§ Work task: The first line of the entries and each line after it, through the one that contains "8. 函数$y = \cos", are to be duplicated exactly; no picture belongs in the copy.

(Records contained in a dataset)
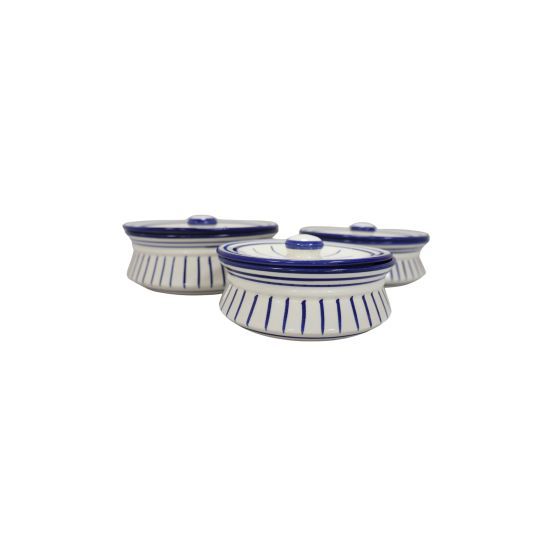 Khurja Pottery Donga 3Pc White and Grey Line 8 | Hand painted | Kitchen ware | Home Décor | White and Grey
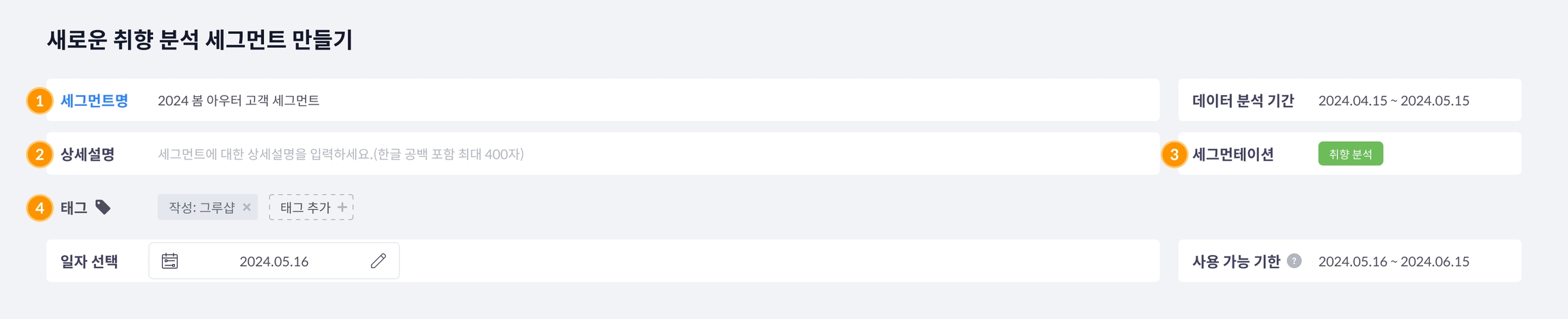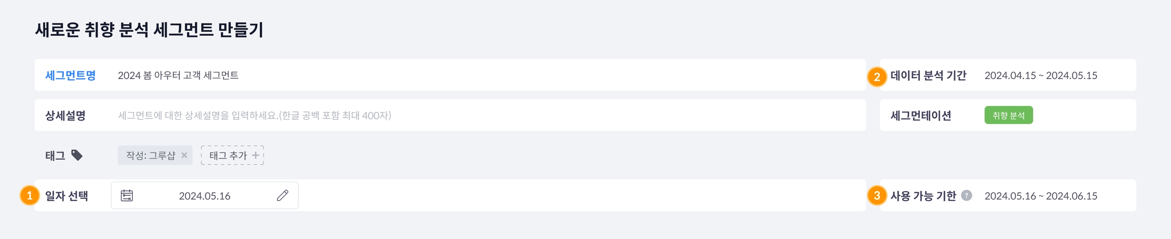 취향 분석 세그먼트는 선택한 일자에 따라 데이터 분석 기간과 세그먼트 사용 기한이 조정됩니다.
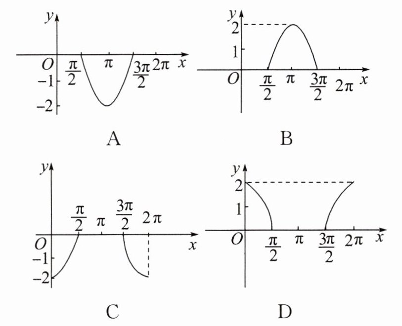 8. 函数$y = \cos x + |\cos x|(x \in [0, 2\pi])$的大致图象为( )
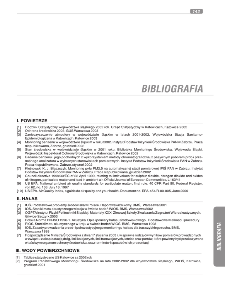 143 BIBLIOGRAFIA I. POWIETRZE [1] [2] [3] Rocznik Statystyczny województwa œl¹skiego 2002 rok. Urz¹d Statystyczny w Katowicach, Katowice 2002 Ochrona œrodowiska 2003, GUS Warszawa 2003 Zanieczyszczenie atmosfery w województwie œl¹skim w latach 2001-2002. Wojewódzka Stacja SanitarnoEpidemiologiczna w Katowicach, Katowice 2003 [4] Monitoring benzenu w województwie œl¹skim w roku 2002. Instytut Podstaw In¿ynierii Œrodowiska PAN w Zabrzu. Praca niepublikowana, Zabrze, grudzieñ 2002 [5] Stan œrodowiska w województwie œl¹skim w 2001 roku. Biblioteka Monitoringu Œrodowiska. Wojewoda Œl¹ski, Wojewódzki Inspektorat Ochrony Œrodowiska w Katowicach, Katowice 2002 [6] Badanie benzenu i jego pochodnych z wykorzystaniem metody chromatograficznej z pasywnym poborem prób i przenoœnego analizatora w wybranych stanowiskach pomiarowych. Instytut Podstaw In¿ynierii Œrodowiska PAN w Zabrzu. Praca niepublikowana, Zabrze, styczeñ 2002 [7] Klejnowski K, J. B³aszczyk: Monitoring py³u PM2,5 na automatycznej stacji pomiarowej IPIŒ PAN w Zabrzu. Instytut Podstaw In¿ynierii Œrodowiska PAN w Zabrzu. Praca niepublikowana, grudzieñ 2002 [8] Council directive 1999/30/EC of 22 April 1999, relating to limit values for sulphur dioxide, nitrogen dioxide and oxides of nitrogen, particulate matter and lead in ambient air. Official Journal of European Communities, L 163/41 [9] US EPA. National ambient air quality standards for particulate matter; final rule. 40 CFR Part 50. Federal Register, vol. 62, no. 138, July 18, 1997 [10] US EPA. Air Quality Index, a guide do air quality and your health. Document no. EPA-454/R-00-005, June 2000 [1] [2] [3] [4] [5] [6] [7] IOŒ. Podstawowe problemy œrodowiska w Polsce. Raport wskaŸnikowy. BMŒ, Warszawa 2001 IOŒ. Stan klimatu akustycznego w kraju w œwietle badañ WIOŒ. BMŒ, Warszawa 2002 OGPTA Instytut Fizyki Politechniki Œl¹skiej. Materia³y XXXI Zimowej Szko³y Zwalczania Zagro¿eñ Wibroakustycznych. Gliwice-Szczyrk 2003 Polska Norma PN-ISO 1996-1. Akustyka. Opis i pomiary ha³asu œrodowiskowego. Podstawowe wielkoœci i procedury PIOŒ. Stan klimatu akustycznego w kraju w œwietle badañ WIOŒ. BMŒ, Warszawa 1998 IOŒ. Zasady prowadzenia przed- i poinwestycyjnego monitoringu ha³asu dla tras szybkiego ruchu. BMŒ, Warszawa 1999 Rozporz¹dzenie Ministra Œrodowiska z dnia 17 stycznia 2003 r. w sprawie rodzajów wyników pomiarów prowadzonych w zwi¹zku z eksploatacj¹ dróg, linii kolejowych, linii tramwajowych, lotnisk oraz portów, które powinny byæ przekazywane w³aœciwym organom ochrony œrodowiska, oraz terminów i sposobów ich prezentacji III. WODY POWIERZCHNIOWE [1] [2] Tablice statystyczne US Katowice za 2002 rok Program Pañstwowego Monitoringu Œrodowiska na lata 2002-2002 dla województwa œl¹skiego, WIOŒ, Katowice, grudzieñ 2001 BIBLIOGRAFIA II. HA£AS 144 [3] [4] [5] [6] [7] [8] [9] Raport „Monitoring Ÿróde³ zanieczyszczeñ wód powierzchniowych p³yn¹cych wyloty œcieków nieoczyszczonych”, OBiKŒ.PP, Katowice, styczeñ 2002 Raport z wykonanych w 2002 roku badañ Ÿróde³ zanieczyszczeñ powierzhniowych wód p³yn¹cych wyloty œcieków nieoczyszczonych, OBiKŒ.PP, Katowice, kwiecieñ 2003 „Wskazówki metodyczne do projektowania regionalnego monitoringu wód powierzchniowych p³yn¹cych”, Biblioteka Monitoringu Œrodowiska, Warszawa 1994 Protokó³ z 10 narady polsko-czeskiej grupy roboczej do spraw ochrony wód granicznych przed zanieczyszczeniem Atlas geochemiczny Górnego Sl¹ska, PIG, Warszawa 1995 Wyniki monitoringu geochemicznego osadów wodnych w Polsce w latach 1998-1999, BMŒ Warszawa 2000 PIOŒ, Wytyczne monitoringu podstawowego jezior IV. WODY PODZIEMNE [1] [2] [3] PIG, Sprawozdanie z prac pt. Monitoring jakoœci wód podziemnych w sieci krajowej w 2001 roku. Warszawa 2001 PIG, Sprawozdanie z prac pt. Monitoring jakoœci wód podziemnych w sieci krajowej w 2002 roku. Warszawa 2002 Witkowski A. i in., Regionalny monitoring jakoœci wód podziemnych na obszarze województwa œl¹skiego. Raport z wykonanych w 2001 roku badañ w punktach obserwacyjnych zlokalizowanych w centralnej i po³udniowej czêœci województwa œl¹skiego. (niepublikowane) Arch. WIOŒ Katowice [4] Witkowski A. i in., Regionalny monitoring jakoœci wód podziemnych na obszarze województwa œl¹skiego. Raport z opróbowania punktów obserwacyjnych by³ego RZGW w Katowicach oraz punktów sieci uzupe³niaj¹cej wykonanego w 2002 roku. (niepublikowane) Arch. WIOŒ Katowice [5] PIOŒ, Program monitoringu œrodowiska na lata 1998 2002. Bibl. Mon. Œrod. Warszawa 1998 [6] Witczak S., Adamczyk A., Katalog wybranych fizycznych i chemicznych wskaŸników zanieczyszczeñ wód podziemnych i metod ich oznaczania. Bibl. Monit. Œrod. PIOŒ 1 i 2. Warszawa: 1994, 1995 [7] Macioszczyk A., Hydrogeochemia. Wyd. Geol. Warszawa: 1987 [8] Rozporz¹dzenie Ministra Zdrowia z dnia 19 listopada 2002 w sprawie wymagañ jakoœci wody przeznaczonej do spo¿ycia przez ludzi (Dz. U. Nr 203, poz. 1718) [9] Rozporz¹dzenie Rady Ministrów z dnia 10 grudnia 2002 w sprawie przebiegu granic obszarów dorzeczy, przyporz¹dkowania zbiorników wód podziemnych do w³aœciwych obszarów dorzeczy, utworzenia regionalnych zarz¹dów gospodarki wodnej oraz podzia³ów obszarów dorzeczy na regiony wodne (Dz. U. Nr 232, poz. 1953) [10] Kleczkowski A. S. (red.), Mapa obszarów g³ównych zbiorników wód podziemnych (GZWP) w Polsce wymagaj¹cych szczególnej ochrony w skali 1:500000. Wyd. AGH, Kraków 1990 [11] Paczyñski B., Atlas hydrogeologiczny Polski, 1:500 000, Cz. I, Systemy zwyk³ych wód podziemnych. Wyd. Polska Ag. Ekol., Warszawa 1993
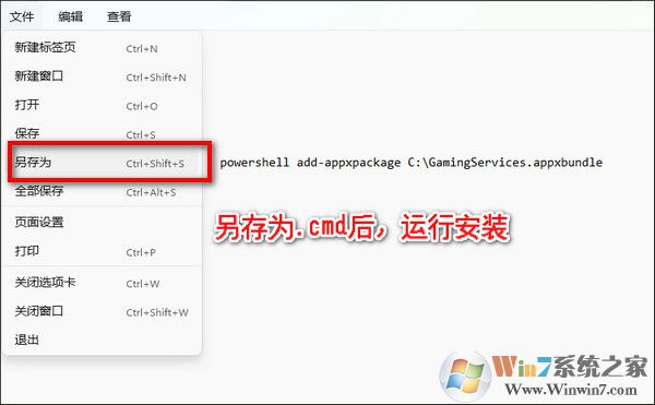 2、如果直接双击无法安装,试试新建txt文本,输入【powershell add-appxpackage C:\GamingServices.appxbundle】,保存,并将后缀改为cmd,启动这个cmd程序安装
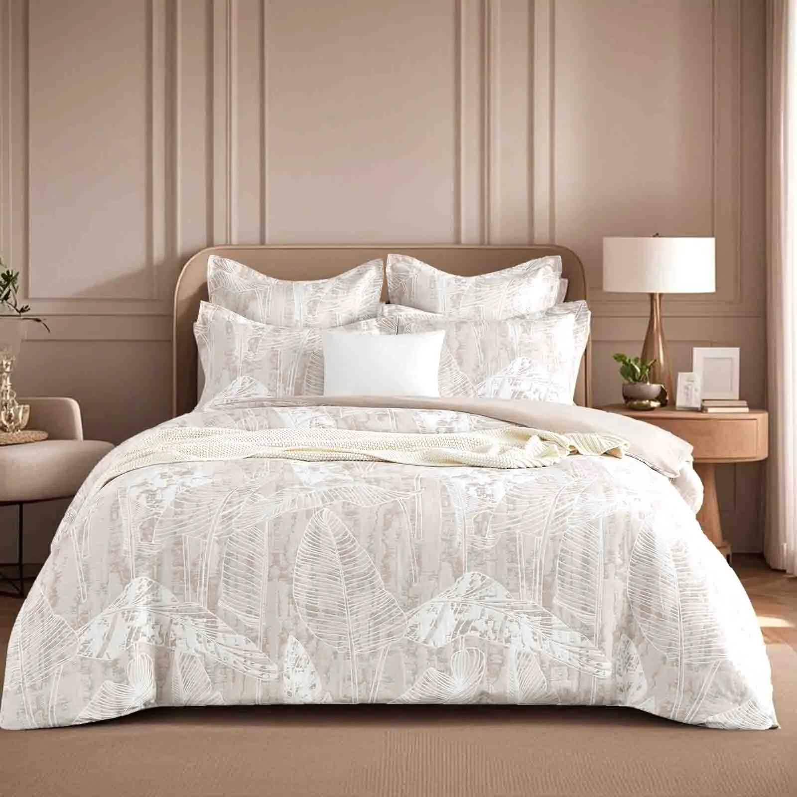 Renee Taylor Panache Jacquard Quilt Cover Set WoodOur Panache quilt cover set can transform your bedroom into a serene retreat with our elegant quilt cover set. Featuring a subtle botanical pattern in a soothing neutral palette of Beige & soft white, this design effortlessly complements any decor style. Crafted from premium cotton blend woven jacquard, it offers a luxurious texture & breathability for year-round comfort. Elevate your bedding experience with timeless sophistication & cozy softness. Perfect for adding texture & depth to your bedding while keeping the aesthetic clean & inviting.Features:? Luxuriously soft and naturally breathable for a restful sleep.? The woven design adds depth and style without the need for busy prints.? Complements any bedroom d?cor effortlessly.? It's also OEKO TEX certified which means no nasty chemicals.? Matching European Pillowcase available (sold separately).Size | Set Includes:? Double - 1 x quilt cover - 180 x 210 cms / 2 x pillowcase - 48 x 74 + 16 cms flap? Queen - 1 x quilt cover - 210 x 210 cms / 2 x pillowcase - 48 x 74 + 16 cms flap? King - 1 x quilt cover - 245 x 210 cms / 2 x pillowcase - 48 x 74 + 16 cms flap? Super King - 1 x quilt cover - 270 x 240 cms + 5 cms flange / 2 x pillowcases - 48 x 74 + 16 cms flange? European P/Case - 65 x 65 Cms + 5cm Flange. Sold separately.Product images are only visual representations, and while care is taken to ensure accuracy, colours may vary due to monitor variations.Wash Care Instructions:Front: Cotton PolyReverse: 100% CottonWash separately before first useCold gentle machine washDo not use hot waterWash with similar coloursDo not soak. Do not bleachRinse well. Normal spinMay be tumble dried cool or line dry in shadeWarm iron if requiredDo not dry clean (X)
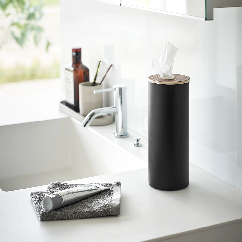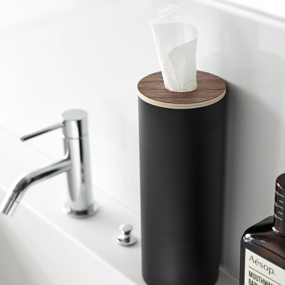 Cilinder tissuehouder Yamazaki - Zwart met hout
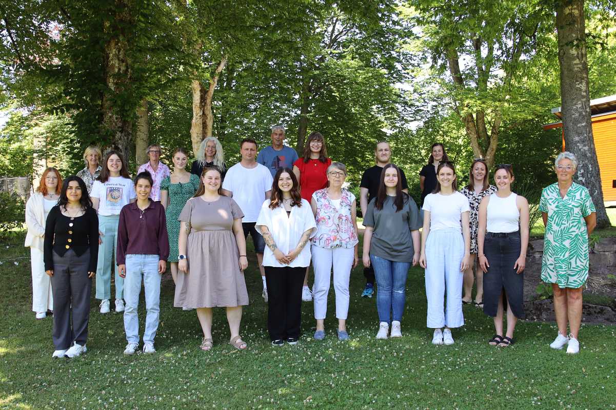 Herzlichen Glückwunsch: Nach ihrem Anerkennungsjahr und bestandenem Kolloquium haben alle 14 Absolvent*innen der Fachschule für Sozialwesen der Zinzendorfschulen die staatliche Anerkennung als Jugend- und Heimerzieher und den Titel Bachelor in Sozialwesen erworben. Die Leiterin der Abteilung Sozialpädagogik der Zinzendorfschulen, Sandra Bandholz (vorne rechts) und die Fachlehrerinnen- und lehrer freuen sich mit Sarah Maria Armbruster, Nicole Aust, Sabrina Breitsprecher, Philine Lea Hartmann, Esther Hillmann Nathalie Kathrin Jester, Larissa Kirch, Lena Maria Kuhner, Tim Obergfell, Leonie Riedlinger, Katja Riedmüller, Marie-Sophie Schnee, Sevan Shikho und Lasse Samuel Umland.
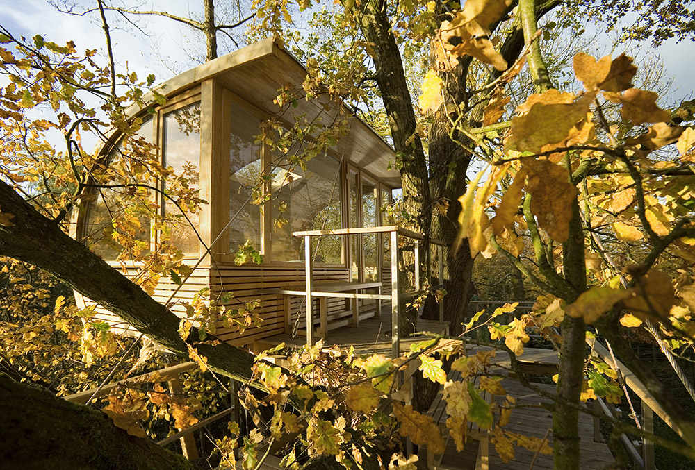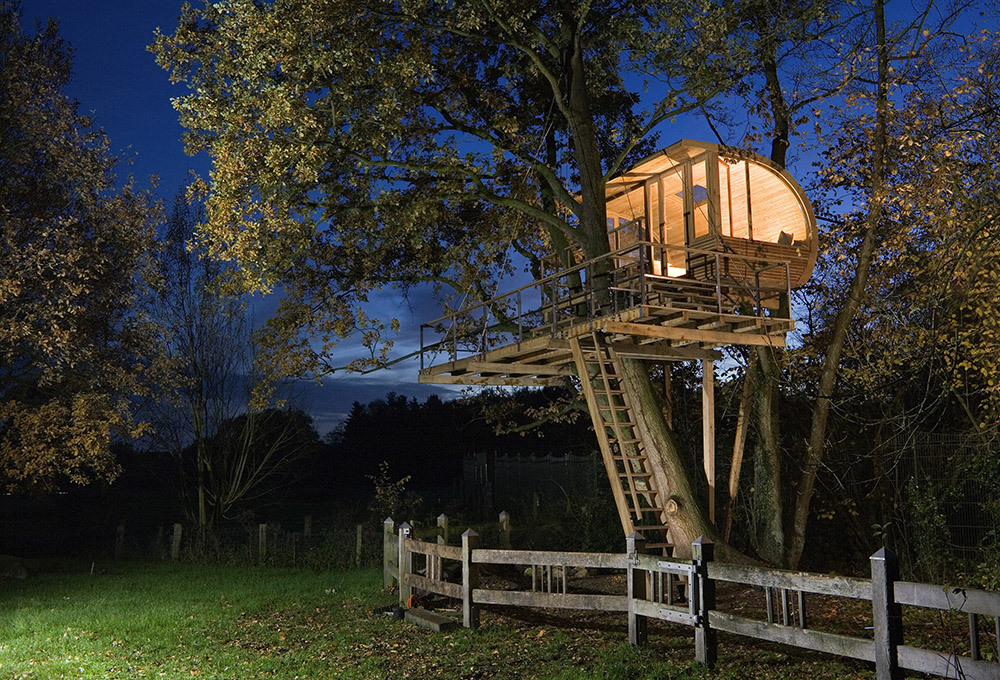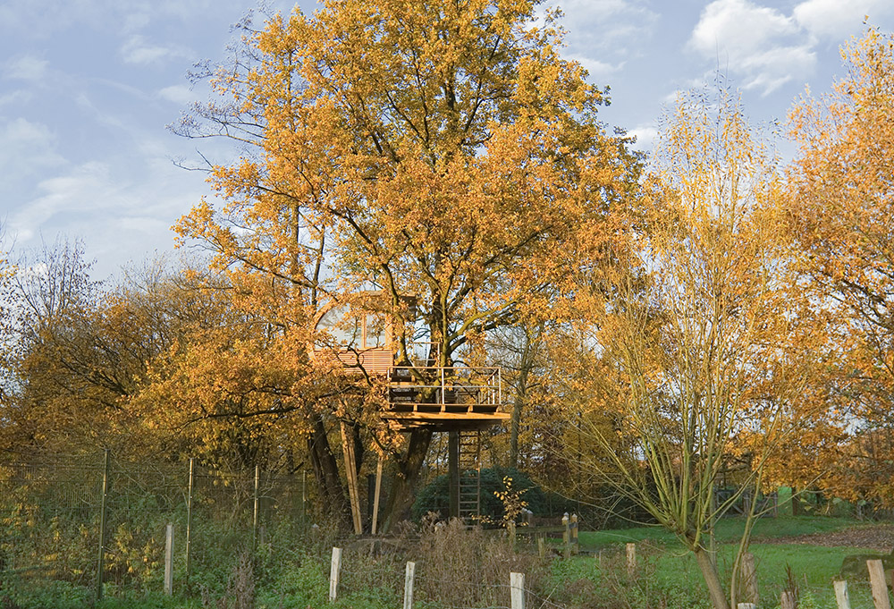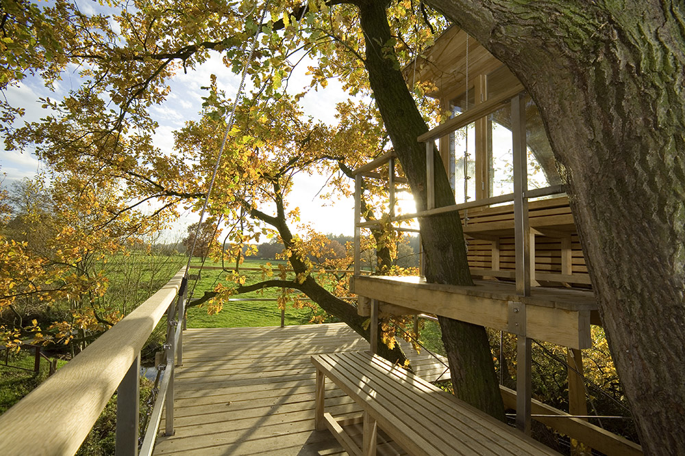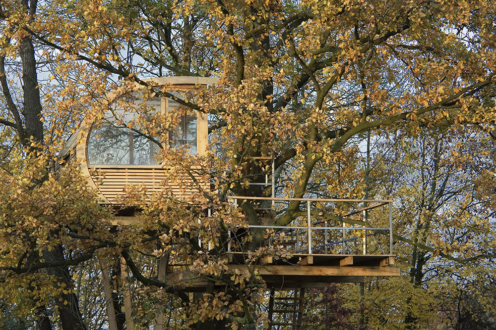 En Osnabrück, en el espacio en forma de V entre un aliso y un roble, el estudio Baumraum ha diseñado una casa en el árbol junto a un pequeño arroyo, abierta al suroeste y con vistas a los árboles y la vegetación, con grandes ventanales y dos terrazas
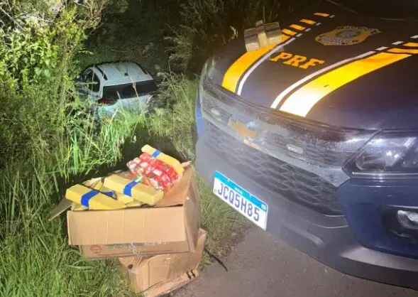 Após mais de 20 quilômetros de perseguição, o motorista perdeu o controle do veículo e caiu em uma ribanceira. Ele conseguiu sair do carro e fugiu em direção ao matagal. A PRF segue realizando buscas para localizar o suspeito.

§ Your solution:
 Khurja Pottery Donga 3Pc White and Grey Line 8 | Hand painted | Kitchen ware | Home Décor | White and Grey
 취향 분석 세그먼트는 선택한 일자에 따라 데이터 분석 기간과 세그먼트 사용 기한이 조정됩니다.
 8. 函数$y = \cos x + |\cos x|(x \in [0, 2\pi])$的大致图象为( )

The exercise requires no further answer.